ACT VIII – NEW BEGINNING

‘Coming home’ again changed my life. It took 2 full months, but I systematically, piece-by-piece, put myself back together. I am now living my purpose again, and I have regained my love of life. I woke-up one morning and told Andrew, “I get to do it all again.” He thought I meant it down-trodden, as there are so many repeating tasks in our daily life, but no, I meant ‘I GET to do it all again!” I love taking care of Nathan. I love taking care of our home. I love Andrew with all my heart and desire to be his partner and friend; to walk with him side-by-side through every dream he ever has. I also love to travel and look forward to nothing more than doing everything on the homemaker list all while going to see the world.

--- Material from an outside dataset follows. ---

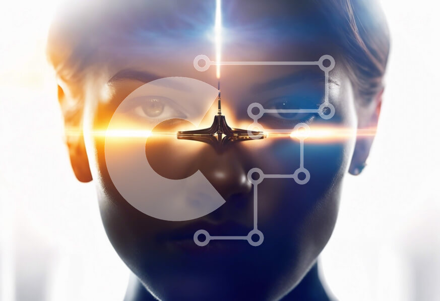 Intra Συλλεκτικό Ξύλινο Παζλ Plywood 4mm - Γυναίκα με έντονα φώτα που περιβάλλουν τα μάτια Σε Ξύλινο Κουτί - Διαστάσεις Puzzle: 10x10 cm – 25 κομμάτια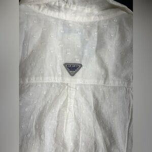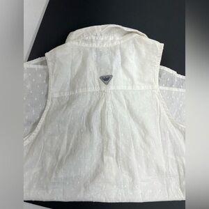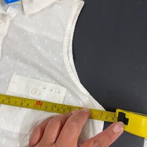 Chic sleeveless blouse with button-up front. Features a subtle dotted pattern and chest pocket.

As you can see it’s been quite a journey, but in some respects it’s really finally just beginning. We decided a long time ago that we would choose Time over Money. We decided that we wanted to spend Nathan’s childhood enjoying life and traveling. We can never get rid of CF, and it doesn’t ever take vacations, but we won’t let it stop us from ‘living on vacation.’

It’s funny really, looking back. Before I met Andrew I just wanted to travel around, living in my truck. Then I desired nothing more than to be a stay-at-home mom. Now I’m doing them both! How frick’n lucky am I??!!

My word of advise is to never let your challenges get in the way of your dreams. Whether you are dealing with diabetes, autism, physical handicaps, or even low budget, if you desire to travel it can be done. For us it has taken a while to get there, but it has made us stronger. I could never imagine still being stuck in Alaska, tied to a building, and being run by all the things I was ‘in charge of.’ We started with a pretty small RV and managed to be content for 2 whole years. We were grounded in a small town for a year and half, but with hard work and determination we are now incredibly grateful to get to begin realizing the dream we had so many years ago.